# And The Pulpits Are Silent...



## Blueridge Believer (Mar 6, 2008)

Dave Daubenmire -- ...and the Pulpits Are Silent

For among my people are found wicked men: they lay wait, as he that setteth snares; they set a trap, they catch men. As a cage is full of birds, so are their houses full of deceit: therefore they are become great, and waxen rich. They are waxen fat, they shine: yea, they overpass the deeds of the wicked: they judge not the cause, the cause of the fatherless, yet they prosper; and the right of the needy do they not judge. Shall I not visit for these things? saith the LORD: shall not my soul be avenged on such a nation as this?

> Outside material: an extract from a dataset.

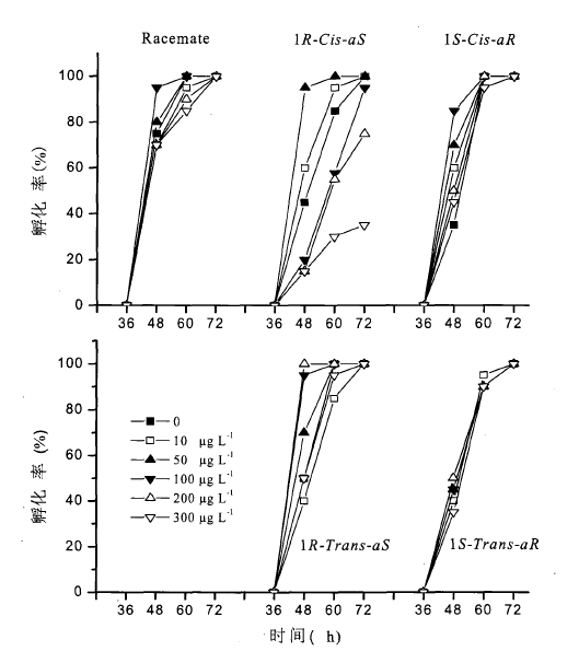 圖1:不同藥物對(duì)斑馬魚胚胎孵化率的影響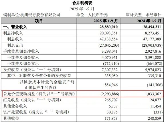 从2025年三季报来看,利息净收入同比增长9.96%至200.93亿元,手续费及佣金净收入同比增长12.65%至32.98亿元,投资收益同比增长22.3%至73.07亿元,均保持较快增长速度,拖累总营收下降的是公允价值变动损益,前三季度为-22.94亿元,2024年同期为10.33亿元,由正转负,两年相差33亿元左右。

Jeremiah 5:26-31


----------



## Blueridge Believer (Mar 6, 2008)

unChristian

learn how "un-christian" you are.


----------



## Reformed Covenanter (Mar 6, 2008)

Blueridge Baptist said:


> unChristian
> 
> learn how "un-christian" you are.



Rick Warren and Brian Maclaren...enough said


----------



## 2 Tim 4:2 (Mar 11, 2008)

Blueridge Baptist said:


> unChristian
> 
> learn how "un-christian" you are.




Luke 6:22 Blessed are ye, when men shall hate you, and when they shall separate you from their company, and shall reproach you, and cast out your name as evil, for the Son of man's sake. 23 Rejoice ye in that day, and leap for joy: for, behold, your reward is great in heaven: for in the like manner did their fathers unto the prophets.


----------



## CDM (Mar 11, 2008)




----------



## CDM (Mar 11, 2008)

Daniel Ritchie said:


> Blueridge Baptist said:
> 
> 
> > unChristian
> ...





Does anyone know who the two Metrosexuals are?


----------



## kvanlaan (Mar 11, 2008)

Did you go to the full list of contributors? It's like it's a listing of motivational speakers and church gurus (so long as you have terms like 'growth' or 'fastest growing' attached to your congregation). And it seems you have to be somewhat theologically 'hip' for the new age. Like this guy:



> Jim lives in inner-city Washington, D.C., with his wife, Joy Carroll, one of the first women ordained in the Church of England and author of Beneath the Cassock: The Real-life Vicar of Dibley, and their sons, Luke (8) and Jack (3). He is a Little League baseball coach.



Go to the 'tell your story' section and it gets a whole lot weirder. If that's possible.


----------